5. Agents

A series of tools to perform data manipulation and adaption.

5.1. Capping

Cap data to certain values.

5.1.1. CapAgent

Class for capping. The class can be instantiated without specific parameters. Arguments can be later specified with self.fit() method.

resourcegeo.transformation.capping.CapAgent.fit(self, greater_than=None, less_than=None, cap_to=None, subset_col=None, subset_code=None)

Define required capping parameters.

Parameters:
  • greater_than (float) – threshold value

  • less_than (float) – threshold value

  • cap_to (float) – capping value

  • subset_col (str) – column name in pd.DataFrame

  • subset_code (int) – categorical code

Returns:

Class object with fitting parameters.

Return type:

self

resourcegeo.transformation.capping.CapAgent.fit_apply(self, data, var, suffix='_cap')

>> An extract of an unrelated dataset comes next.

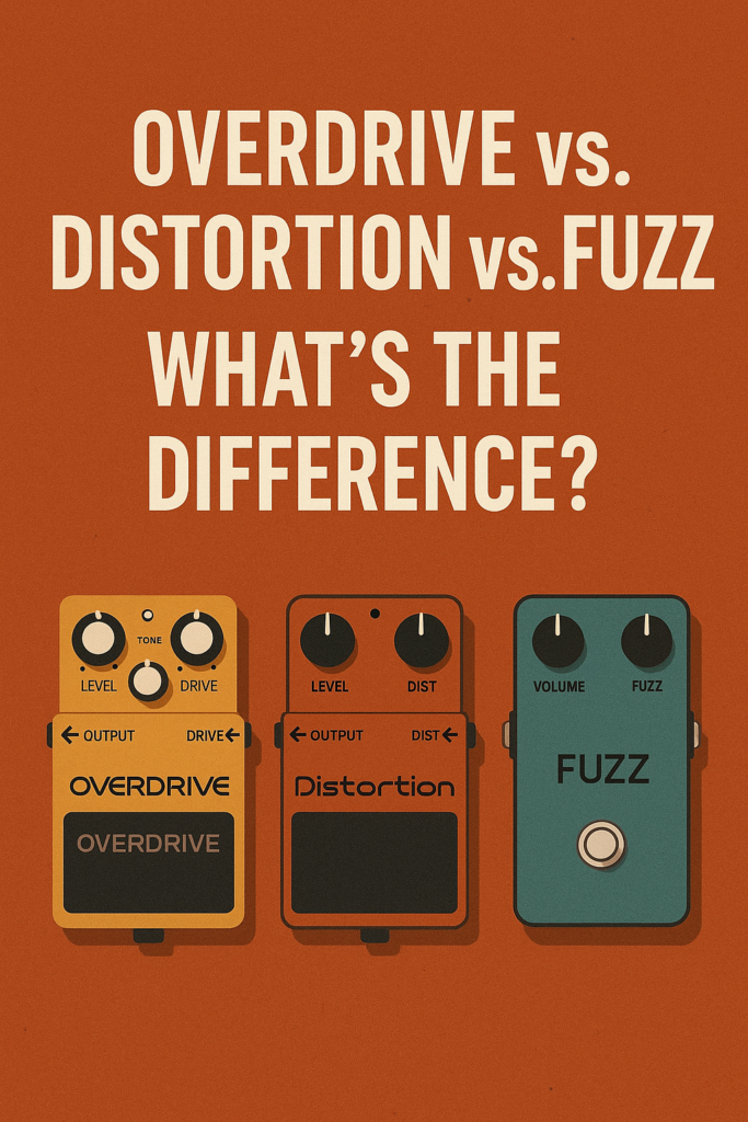 Guitarists chasing the perfect tone often find themselves swimming in a sea of drive pedals. But what exactly is the difference between overdrive, distortion, and fuzz? These terms are sometimes used interchangeably, but each has a unique sound and legacy. Let’s break them down—with a little help from some legendary pedals and players.

Cap values of values in a dataframe column. It requires the fitting parameters previously specified with self.fit(). It does not require and does not change initialized weights.

Parameters:
  • data (pd.DataFrame) – df with values

  • var (str) – column name for values

Returns:

None

resourcegeo.transformation.capping.CapAgent.sensitivity(self, values=None, limit_value=None, weights=None, wt_col=None, chosen_value=None, show_progress=False)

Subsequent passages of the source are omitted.